Stepping Through the Gate: Inside Ireland’s Walled Gardens, an exhibition curated by the Irish Aesthete and featuring more than fifty specially-commissioned paintings by artists Lesley Fennell, Andrea Jameson, Maria Levinge and Alison Rosse has now opened at Kylemore Abbey where it can be seen until the end of April.  


 

6 comments on “A Rich Man’s Extravagance

  1. TobyC says:

    Beautiful inside and out, and somehow free of wires strung all over and through the front door. (I did see the one from a window)

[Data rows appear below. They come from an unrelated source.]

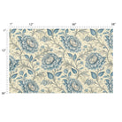 An elegant, traditional floral pattern featuring large, detailed blue and cream peonies. The flowers are interwoven with scrolling grey and blue vines on a dotted, pale yellow background, creating a sophisticated, vintage-inspired design suitable for textiles or wallpaper.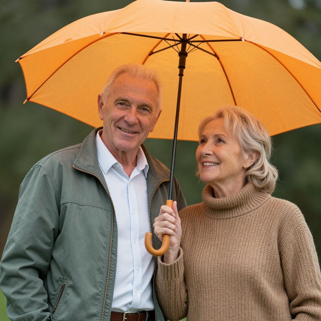 Smiling older couple sharing a vibrant orange umbrella, with the man wearing a green jacket over a white shirt and the woman dressed in a warm brown sweater, both radiating joy against a blurred green backdrop.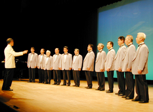 在日同胞男性で構成されるコーラスグループの「サナイ合唱団」(文友平団長)。大阪市生野区の通称、御幸森コリアタウンの一角にある生野西朝鮮人会館を拠点に2001年から、毎週1回の練習を積み重ねてきた。歌うことが何よりも好きだと話す団員たち。2日には、在日本朝鮮文学芸術家同盟・大阪支部演劇口演部主催の民族教育チャリティー公演に友情出演し、美しいハーモニーを披露した。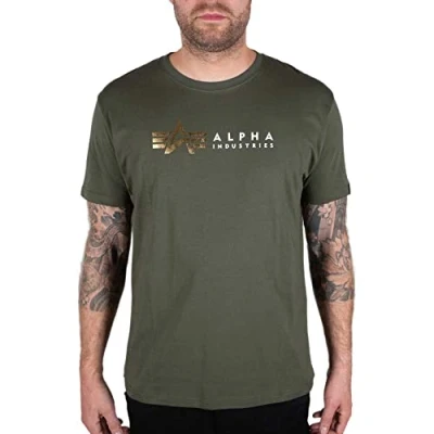 Alpha Industries Foil Print T Shirt for Men, Dark Olive, M

  2. Probably one of my most favourite places in the world.

  3. John Sugars says:

    does great credit to a beautiful ‘lady’

  4. BobF says:

    Thank you Robert, it brings back memories, I’ll have to revisit – it was a school when I last was there. In fairness to Fuller, I see much more of his hand in Kylemore’s design (e.g. mock gothic, heraldic embellishments, etc.) than that of Ussher Roberts, who primarily was an engineer/surveyor. Supposedly his involvement on the site was due to his engineering skills, much of the building being on rock and requiring major sitework. During the Kylemore construction period Roberts was residing in Galway, was engineer to the Galway Harbour Commissioners and supervising Corrib drainage, bog reclamation and canal work. It is recorded that Fuller wanted to use local stone to ensure the building fitted into the landscape and fought hard with Mitchell Henry but was overruled. Henry wanted it to stand out. Fuller’s design for the church is said to be heavily influenced by Norwich Cathedral.
    Kylemore Castle cost more than £25,000 when built during I863 to I868. It had 70 rooms including thirty-three bedrooms (but only four bathrooms), a ballroom, and a Turkish bath. The Henrys entertained on a lavish scale, aided by thirty indoor servants and in the 1870’s it cost £250 per week to pay the outdoor staff of keepers, grooms, woodmen, gardeners, etc. The stepped gable in the castle also is repeated in the gardeners’ lodges.
    In 1902 Kylemore was bought by Eugene Zimmermann, as a present for his daughter who had married the impecunious but high-living Duke of Manchester.

  5. […] was mentioned last Monday (see A Rich Man’s Extravagance « The Irish Aesthete), Margaret Henry, wife of the man who had commissioned Kylemore Castle, County Galway, died in 1874 […]

  6. Carol says:

    We visited from the States in 2015. The church in particular is just stunning, as is the setting. Thank you for the write-up!